Redox Regulation of Human OGG1 Activity in Response to Cellular Oxidative Stress
Anne Bravard,1,2
Monique Vacher,1,2
Barbara Gouget,3
Alexandre Coutant,1
Florence Hillairet de Boisferon,1,2
Stéphanie Marsin,1,2
Sylvie Chevillard,1 and
J. Pablo Radicella1,2*
Département de Radiobiologie et Radiopathologie, Commissariat à l'Energie Atomique,1 UMR 217 CNRS/CEA, 18 route du Panorama, F-92265 Fontenay aux Roses, France,2 Laboratoire Pierre Sue CEA-CNRS UMR 9956, F-91191 Gif sur Yvette, France3
Received 11 April 2006/ Returned for modification 5 June 2006/ Accepted 31 July 2006
8-Oxoguanine (8-oxoG), a common and mutagenic form of oxidized guanine in DNA, is eliminated mainly through base excision repair. In human cells its repair is initiated by human OGG1 (hOGG1), an 8-oxoG DNA glycosylase. We investigated the effects of an acute cadmium exposure of human lymphoblastoid cells on the activity of hOGG1. We show that coinciding with alteration of the redox cellular status, the 8-oxoG DNA glycosylase activity of hOGG1 was nearly completely inhibited. However, the hOGG1 activity returned to normal levels once the redox cellular status was normalized.
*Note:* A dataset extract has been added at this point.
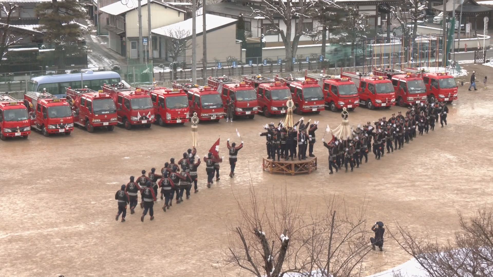 岐阜・高山市で新春恒例「消防出初式」 消防団員ら約370人が伝統の“特殊訓練”披露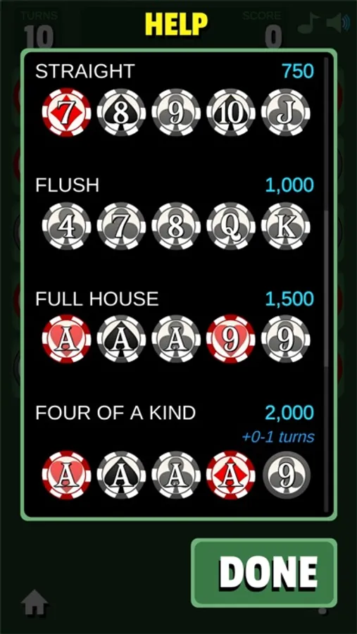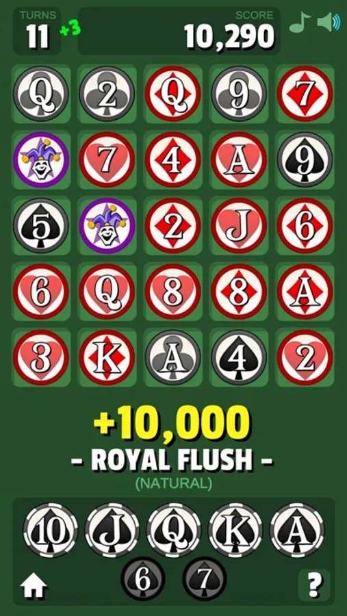 Drag your finger to connect a poker hand of 7 cards. Try to get the best hand. Turns are limited, but you can get bonus turns by high scoring hands.

In vitro, the activity of purified hOGG1 was abolished by cadmium and could not be recovered by EDTA. In cells, however, the reversible inactivation of OGG1 activity by cadmium was strictly associated with reversible oxidation of the protein. Moreover, the 8-oxoG DNA glycosylase activity of purified OGG1 and that from crude extracts were modulated by cysteine-modifying agents. Oxidation of OGG1 by the thiol oxidant diamide led to inhibition of the activity and a protein migration pattern similar to that seen in cadmium-treated cells. These results suggest that cadmium inhibits hOGG1 activity mainly by indirect oxidation of critical cysteine residues and that excretion of the metal from the cells leads to normalization of the redox cell status and restoration of an active hOGG1. The results presented here unveil a novel redox-dependent mechanism for the regulation of OGG1 activity.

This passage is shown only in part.